FOR THE LOVE OF GOD, AND YOUR OWN SENSE OF FINANCIAL PROPRIETY, PLEASE BRING A PACKED LUNCH

The likelihood of being surrounded by a glittery cluster of 17-year-olds fizzing with sherbet-cut MDMA is somewhere between “exceptionally high” and “Jesus Christ they are literally shaking where are their mothers someone please call home please please oh please just bundle them all onto the last chopper to Surbiton.” And that means that the hi-vis security unit charged with sliding his fingers under your socks in a hunt for pinger dust probably isn’t going to be too focused on finding an errant Cornish pasty. It can sit happily stuffed into the bottom of the tote bag you got at the Central Saint Martins’ open day half a decade ago.
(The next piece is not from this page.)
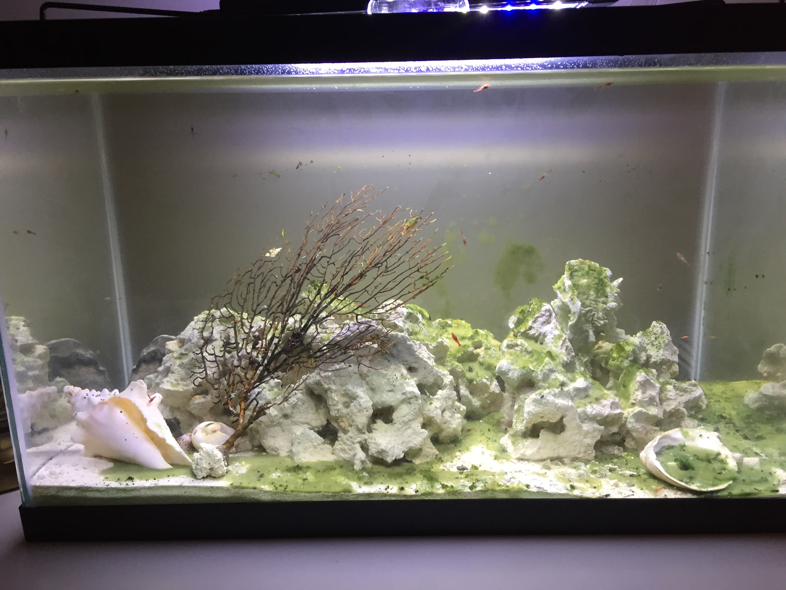 I set up the tank a while ago, cycled it, and grew algae on the limestone rocks and yesterday received my Hawaiian red shrimp order! They are doing well and leaving little trails on the side of the tank in the algae glowing on the sides.

This is very handy because by and large, festival food falls into one of two categories. It is either expensive and very bad, or very expensive and bad. You can have a barely broiled compact disc of hoof and lips masquerading as a burger, or you can root around the final remnants of an overdraft and stand in front of a Rudimental set eating a Yorkshire pudding rolled up like a burrito, each piping hot bite knocking you further and further off the property ladder.

DON’T ARRIVE HUNGOVER

Yes, yes, I know, I know, beer is cheap out here, and yes, I know you’re on holiday, and yes, it does feel good drinking cold, crisp continental beer for pennies, doesn’t it, but there’s going to be a point tomorrow when you’re stood under the baking sun trying to work out where exactly you pick your wristband up and you’re going to miss Car Seat Headrest at this point and your mate’s been sick around but not into a bin and the festival staff have got you pegged as pissheaded little Englanders and it is all going to go very wrong very quickly. Avoid reaching that point by going to bed early the night before, with a book of crosswords and a bottle of Vichy Catalan.

ALTERNATIVELY, JUST DO

Sometimes the only way to survive an early afternoon Gilles Peterson set is to be so brutally hungover that everything becomes spectacularly funny. And I mean absolutely everything: beards, Tim Lovejoy’s ongoing career, the unavoidable fact that one day this entire world will be engulfed by flames and then an eternal darkness. Funny til about 2PM, by which point the idea of a pint is almost, nearly, possibly sort of palatable again.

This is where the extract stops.